Equirus Capital has recently initiated coverage on MAS Financial Services, a notable Non-Banking Financial Company (NBFC), indicating a ‘long’ recommendation with a target price set at ₹401. This target price suggests an impressive upside potential of over 38% from the current market value.
Equirus expressed confidence in MAS Financial Services, highlighting key strengths such as well-established promoter pedigree, an excellent track record of asset quality, and robust capitalization. The brokerage set the coverage with a projected target price of ₹401 by September 2025, valuing the stock at 2.2 times the projected Book Value per Share (BVPS) for that fiscal year.
Company Overview
MAS Financial Services operates as a pioneering lender within the Micro, Small, and Medium Enterprises (MSME) sector, primarily catering to low-to-middle-income customers.
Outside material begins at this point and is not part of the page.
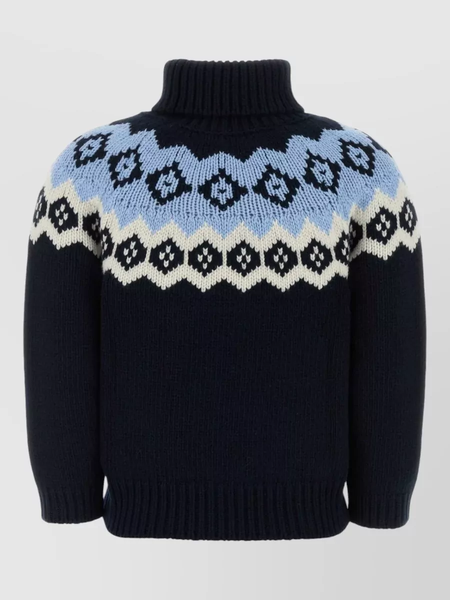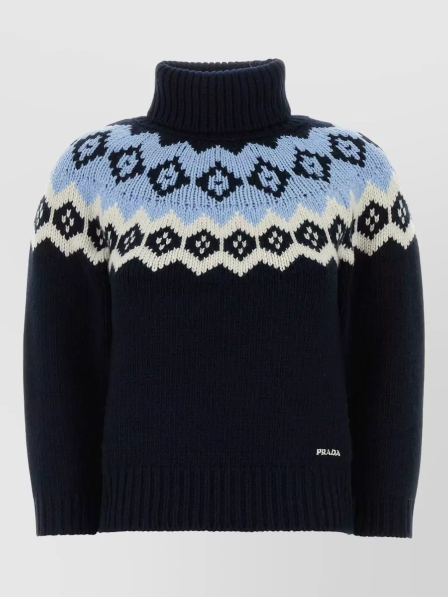 Prada wool blend sweater patterned turtleneck ribbed trims

The company has shown remarkable growth, with a compounded annual growth rate (CAGR) of 25.4% in loans and 21.4% in profits from FY21 to the first quarter of FY25. Operating through a dual distribution model—forming partnerships with other NBFCs for retail assets and direct retail channels—MASFIN aims to increase its direct retail distribution share to 75-80% in the coming years.
Market Potential and Growth Forecast
With a staggering ₹78 lakh crore financing gap in the MSME sector, MAS Financial is poised for significant growth. Projections indicate the company could achieve a 25% CAGR in assets under management (AUM) and a 24% CAGR in profit after tax (PAT) from FY24 to FY27. By FY26, the expected return on assets (RoA) stands at an impressive 3%, while return on equity (RoE) is anticipated at 14%.
Stock Performance
Despite a slight decline of over 4% in stock value over the last year, MAS Financial’s performance has shown signs of stabilization. The stock remains flat year-to-date (YTD) with modest increases of 0.7%, 0.6%, and 0.8% in the months of August, September, and October respectively. As of the latest closing price of ₹289.60, the stock remains approximately 25% away from its 52-week peak of ₹387.70, which was reached in February 2024.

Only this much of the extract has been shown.